What this task involves
Give back exactly the lines of the entries below from the line with "您可以輸入想要購買的面值和期" to the line with "持ち運びに便利な軽量設計で、", inclusive, and only those.

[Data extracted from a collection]

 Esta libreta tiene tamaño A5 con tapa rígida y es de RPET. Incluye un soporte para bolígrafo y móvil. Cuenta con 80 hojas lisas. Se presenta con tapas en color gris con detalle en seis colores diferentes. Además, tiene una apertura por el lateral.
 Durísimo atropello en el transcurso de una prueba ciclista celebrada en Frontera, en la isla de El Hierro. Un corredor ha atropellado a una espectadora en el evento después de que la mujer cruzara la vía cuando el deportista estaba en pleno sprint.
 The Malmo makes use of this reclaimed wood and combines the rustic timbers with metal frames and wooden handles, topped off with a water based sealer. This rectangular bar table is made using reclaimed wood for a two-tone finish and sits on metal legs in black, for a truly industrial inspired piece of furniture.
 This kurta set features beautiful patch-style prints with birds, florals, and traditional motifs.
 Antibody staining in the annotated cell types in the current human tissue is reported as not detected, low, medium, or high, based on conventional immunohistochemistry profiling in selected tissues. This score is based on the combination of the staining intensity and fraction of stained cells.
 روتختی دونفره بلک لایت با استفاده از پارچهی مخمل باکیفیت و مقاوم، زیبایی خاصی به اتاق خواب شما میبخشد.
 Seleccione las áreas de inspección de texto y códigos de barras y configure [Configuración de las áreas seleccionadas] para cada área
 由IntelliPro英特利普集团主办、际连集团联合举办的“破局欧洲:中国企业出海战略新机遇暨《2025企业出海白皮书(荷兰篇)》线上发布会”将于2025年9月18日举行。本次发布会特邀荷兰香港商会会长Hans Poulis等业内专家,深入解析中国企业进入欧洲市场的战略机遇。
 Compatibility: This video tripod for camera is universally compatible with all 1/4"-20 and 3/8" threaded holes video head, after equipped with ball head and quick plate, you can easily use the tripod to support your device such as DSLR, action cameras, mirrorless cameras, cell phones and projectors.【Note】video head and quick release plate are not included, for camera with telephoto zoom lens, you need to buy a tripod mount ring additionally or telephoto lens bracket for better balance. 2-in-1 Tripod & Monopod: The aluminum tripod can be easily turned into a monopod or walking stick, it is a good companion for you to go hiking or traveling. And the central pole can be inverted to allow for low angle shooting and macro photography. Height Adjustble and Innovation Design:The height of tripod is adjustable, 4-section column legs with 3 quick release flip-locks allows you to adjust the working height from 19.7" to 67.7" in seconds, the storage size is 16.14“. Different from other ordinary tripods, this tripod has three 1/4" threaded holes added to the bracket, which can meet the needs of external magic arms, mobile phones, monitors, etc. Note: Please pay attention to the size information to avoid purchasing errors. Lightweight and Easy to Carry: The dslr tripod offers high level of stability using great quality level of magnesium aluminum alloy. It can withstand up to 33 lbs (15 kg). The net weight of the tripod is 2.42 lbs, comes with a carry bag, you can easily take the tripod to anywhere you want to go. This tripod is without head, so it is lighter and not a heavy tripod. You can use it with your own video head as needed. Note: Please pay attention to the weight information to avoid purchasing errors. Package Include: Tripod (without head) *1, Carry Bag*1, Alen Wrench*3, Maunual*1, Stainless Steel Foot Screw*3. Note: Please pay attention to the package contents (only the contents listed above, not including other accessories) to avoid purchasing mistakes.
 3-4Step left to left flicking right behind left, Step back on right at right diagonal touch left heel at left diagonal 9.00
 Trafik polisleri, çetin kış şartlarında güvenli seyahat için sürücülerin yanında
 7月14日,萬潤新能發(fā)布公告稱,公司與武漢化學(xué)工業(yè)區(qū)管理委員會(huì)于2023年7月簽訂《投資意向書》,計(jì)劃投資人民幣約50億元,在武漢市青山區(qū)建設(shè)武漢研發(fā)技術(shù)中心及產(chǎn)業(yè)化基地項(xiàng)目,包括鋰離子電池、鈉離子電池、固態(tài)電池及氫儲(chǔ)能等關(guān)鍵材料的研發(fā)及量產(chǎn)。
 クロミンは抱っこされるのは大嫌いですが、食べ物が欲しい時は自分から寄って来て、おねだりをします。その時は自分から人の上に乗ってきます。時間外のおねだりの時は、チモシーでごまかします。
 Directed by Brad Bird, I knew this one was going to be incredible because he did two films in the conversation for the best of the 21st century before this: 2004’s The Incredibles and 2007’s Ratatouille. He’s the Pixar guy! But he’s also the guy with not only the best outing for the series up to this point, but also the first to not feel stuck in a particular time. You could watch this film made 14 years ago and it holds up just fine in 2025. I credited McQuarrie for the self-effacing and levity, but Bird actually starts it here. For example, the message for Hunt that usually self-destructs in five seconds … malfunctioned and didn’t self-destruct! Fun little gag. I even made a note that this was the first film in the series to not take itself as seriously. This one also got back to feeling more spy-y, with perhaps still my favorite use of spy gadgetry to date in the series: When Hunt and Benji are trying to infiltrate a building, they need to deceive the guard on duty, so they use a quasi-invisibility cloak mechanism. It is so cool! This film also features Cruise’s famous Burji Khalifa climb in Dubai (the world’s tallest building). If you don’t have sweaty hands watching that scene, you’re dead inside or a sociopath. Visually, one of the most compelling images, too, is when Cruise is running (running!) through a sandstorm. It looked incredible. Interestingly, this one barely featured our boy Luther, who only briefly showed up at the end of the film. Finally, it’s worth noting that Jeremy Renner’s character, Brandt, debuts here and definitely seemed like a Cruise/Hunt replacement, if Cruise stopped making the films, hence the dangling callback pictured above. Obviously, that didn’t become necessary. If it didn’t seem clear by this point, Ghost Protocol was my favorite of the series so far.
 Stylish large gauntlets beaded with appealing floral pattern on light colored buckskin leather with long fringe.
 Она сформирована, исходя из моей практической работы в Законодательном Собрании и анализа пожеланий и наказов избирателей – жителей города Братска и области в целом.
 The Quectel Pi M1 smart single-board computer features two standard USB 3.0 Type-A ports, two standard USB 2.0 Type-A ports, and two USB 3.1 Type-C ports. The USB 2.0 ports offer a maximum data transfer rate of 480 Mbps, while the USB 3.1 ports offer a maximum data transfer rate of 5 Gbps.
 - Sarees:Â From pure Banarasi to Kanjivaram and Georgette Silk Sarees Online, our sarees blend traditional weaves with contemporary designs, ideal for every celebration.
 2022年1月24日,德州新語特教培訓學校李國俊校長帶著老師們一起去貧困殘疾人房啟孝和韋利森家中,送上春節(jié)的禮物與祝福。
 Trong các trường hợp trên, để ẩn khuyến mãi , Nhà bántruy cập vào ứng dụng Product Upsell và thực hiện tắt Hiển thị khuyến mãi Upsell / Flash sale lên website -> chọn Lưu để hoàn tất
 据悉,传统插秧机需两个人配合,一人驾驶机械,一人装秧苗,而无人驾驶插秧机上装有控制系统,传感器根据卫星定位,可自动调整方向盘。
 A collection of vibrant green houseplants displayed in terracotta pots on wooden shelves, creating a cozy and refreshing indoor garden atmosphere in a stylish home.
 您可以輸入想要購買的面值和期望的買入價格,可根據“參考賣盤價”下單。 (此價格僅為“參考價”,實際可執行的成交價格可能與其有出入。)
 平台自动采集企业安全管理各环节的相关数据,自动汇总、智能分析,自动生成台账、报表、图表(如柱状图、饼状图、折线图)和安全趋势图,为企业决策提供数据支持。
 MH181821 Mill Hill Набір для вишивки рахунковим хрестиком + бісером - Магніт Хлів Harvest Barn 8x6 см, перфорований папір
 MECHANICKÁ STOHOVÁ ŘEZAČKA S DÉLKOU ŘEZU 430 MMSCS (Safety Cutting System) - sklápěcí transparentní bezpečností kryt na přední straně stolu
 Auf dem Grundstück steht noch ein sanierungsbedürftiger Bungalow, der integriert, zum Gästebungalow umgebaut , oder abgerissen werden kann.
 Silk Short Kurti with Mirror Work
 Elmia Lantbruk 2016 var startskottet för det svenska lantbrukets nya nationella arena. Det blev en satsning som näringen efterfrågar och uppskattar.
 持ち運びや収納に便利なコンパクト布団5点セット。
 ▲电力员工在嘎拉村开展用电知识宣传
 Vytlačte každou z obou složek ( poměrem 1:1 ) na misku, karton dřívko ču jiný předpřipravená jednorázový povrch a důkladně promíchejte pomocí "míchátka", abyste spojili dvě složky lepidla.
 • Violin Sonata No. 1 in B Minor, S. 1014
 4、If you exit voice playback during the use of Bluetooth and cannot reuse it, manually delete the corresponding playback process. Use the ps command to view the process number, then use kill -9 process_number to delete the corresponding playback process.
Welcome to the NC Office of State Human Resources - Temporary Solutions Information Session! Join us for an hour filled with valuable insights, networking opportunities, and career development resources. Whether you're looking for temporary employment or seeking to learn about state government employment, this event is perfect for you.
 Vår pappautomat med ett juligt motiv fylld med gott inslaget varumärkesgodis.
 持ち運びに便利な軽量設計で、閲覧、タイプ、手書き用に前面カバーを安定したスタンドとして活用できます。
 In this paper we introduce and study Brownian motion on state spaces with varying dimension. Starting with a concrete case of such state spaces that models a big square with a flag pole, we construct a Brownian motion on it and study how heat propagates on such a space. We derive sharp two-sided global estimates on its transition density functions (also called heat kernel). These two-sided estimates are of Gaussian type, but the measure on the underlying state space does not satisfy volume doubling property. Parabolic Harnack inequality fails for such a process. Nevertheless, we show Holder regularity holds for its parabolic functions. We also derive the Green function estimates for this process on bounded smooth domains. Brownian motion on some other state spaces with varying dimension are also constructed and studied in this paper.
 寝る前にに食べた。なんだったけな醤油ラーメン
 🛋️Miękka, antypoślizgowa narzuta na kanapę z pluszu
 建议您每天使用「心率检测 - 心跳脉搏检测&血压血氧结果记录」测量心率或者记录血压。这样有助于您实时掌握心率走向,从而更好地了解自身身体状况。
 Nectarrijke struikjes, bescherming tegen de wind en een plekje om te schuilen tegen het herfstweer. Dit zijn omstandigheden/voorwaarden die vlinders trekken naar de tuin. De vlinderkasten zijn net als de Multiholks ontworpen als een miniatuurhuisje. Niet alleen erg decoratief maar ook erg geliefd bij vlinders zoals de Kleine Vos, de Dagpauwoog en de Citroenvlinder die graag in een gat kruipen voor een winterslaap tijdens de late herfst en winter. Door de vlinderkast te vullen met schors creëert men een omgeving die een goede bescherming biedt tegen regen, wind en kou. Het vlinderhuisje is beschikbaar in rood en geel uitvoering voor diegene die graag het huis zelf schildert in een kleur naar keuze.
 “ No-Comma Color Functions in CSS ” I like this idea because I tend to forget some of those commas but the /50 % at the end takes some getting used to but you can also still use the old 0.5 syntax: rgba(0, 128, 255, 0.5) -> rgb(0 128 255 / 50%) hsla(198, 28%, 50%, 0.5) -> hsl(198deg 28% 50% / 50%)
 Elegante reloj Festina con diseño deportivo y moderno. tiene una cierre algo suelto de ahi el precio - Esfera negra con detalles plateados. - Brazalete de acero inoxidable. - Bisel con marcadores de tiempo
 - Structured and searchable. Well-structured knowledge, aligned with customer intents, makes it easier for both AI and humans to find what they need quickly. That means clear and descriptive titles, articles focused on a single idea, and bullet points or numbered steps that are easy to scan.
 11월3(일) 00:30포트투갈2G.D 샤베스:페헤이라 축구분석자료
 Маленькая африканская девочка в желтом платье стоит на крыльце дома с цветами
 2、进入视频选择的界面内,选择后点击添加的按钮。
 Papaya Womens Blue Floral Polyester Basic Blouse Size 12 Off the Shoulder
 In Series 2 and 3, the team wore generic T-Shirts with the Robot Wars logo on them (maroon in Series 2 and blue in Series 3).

Exercise output
 您可以輸入想要購買的面值和期望的買入價格,可根據“參考賣盤價”下單。 (此價格僅為“參考價”,實際可執行的成交價格可能與其有出入。)
 平台自动采集企业安全管理各环节的相关数据,自动汇总、智能分析,自动生成台账、报表、图表(如柱状图、饼状图、折线图)和安全趋势图,为企业决策提供数据支持。
 MH181821 Mill Hill Набір для вишивки рахунковим хрестиком + бісером - Магніт Хлів Harvest Barn 8x6 см, перфорований папір
 MECHANICKÁ STOHOVÁ ŘEZAČKA S DÉLKOU ŘEZU 430 MMSCS (Safety Cutting System) - sklápěcí transparentní bezpečností kryt na přední straně stolu
 Auf dem Grundstück steht noch ein sanierungsbedürftiger Bungalow, der integriert, zum Gästebungalow umgebaut , oder abgerissen werden kann.
 Silk Short Kurti with Mirror Work
 Elmia Lantbruk 2016 var startskottet för det svenska lantbrukets nya nationella arena. Det blev en satsning som näringen efterfrågar och uppskattar.
 持ち運びや収納に便利なコンパクト布団5点セット。
 ▲电力员工在嘎拉村开展用电知识宣传
 Vytlačte každou z obou složek ( poměrem 1:1 ) na misku, karton dřívko ču jiný předpřipravená jednorázový povrch a důkladně promíchejte pomocí "míchátka", abyste spojili dvě složky lepidla.
 • Violin Sonata No. 1 in B Minor, S. 1014
 4、If you exit voice playback during the use of Bluetooth and cannot reuse it, manually delete the corresponding playback process. Use the ps command to view the process number, then use kill -9 process_number to delete the corresponding playback process.
Welcome to the NC Office of State Human Resources - Temporary Solutions Information Session! Join us for an hour filled with valuable insights, networking opportunities, and career development resources. Whether you're looking for temporary employment or seeking to learn about state government employment, this event is perfect for you.
 Vår pappautomat med ett juligt motiv fylld med gott inslaget varumärkesgodis.
 持ち運びに便利な軽量設計で、閲覧、タイプ、手書き用に前面カバーを安定したスタンドとして活用できます。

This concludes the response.